I know Euryale is the holy grail in common parlance, but like, come on…
I don't think so
This thing didn't flagged any human data from eval test and further runs as AI
It sounds like somethings gone wrong here.
Didn’t the Bible get caught by classifiers recently?
Euryale get's flagged still, just less
I tested mine on Bible, detected as human writing
Oh! Oh YOU made that classifier?
I think it's just most classifiers are trained like shit
Yes
Okay, interesting.
this one is mine
In any case, yeah. Curious how Nemotron fares against it.
Though, I will say that, if nothing else, Claude Opus is not a bad writer. And my pushback is probably just me falling into the trap of thinking “Seems AI generated” = Bad objectively.
Random example of creative writing by Nemotron
Class label 1, AI generated
Synth data is not necessarily bad, it's just rather repetitive and sometimes non-human sounding, so to speak.
It can be a problem for creative writing, and other creative related things, but on the other hand, barely anyone will complain about good quality synth coding data. So ymmv
Fair…
At the end of the day, I just miss the old Claude before Anthropic reigned it in.
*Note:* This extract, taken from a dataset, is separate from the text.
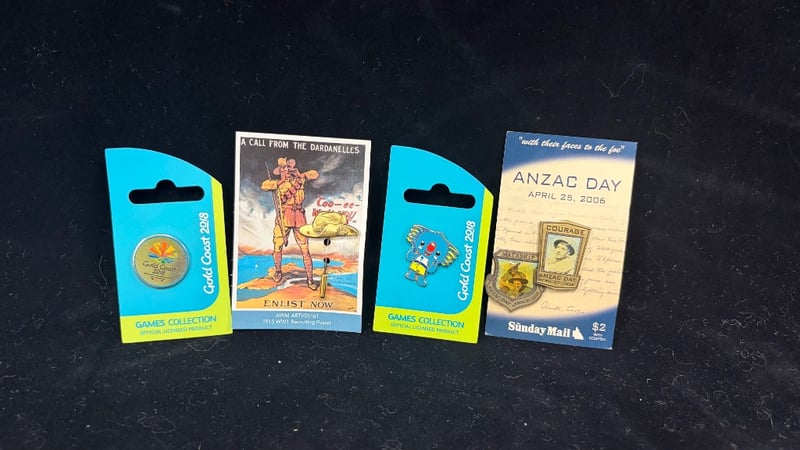 COLLECTION OF PINS. Item Size: Height: 10cm, Width: 8cm, Depth: 2cm Including Gold Coast 2018, Anzac Day 2006, Wwi Recruiting 1915. Condition: Good - Refer To Images 587964+45

Was hoping Nemotron could give a taste of what we might get out of Llama 405B. But it seems i may still have to wait?
Same, I miss early Claude-1
NVIDIA already gave us something rather valuable with Nemotron - PPO data and code, and two pretrained Reward Models
All of those things are really damn rare
PPO finetuning at least
which is a good thing, PPO has a way higher entry bar than any other pref optimization
mostly because of it's indirect nature
Finally gives me a fair chance to compare PPO and KTO
+1 for this model; it’s kinda like a preview of Llama 3 405b, but great for generating and responding with higher quality data without as many synthetic artifacts. Also helps that it doesn’t forget it’s knowledge unlike Claude or Llama
yeah, it would be interesting to give this model a spin on my Airo 1K regenning test
Wonder why NVIDIA still haven't added this to their API yet
16 A100s for bf16, maybe this could be hosted on a single 8xA100 node with int8/4 precision
is the OpenRouter team interested in hosting this once support is added to a couple backends?
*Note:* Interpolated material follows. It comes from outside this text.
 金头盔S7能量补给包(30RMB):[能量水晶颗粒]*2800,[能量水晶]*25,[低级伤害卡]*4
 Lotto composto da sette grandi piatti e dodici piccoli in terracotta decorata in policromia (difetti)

https://huggingface.co/failspy/Nemotron-4-340B-Instruct-SafeTensors
I wish someone converted SteerLM 70B from NeMo to ST too
That one should be way easier to get running, as it is based on L3-70B
I noticed that Failspy went and converted the raw weights into a Safetensors file for people to try in order to get inference running.
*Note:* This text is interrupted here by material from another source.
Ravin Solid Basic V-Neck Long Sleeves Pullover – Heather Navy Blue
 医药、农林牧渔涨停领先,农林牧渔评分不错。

Hopefully people smart enough to do so can figure it out. I truly do reserve jugment on this thing until I can get it running through a private frontend.
@flat linden
Adding
wtf is with the template for thismodel
<extra_id_0>System
<extra_id_1>User
{prompt 1}
<extra_id_1>Assistant
{response 1}
<extra_id_1>User
{prompt 2}
<extra_id_1>Assistant
{response 2}
...
<extra_id_1>User
{prompt N}
<extra_id_1>Assistant
Even a LLM would create a more sane naming scheme 😉
this is bad,even worse 4k ct
rip
add this is just a waste of slot
I guess DeepInfra will pull it down soon enough just like #1246016908571054182 ...
But while it's still up: https://openrouter.ai/models/nvidia/nemotron-4-340b-instruct
Nemotron-4-340B-Instruct is an English-language chat model optimized for synthetic data generation. This large language model (LLM) is a fine-tuned version of Nemotron-4-340B-Base, designed for single and multi-turn chat use-cases with a 4,096 token context length.
The base model was pre-trained on 9 trillion tokens from diverse English texts, ...
Thank you!!!
Even if it’s for a short while, I’ve been itching to try this. Many thanks for the chance!
Though uh… Anybody got a SillyTavern conversion of the prompting format? That’s my main front end for testing these things, and I imagine many others.
Hmm! Seems my hunch was right. While it’s no Euryale-2.1 in terms of evocative prose, it demonstrates a robust and thorough understanding of the writing task, and follows instructions very well!
Just a shame it can only manage a short story at the moment before conking out. V_V
Hopefully they do some context enhancing stuff to it like with Llama 3 a little while prior!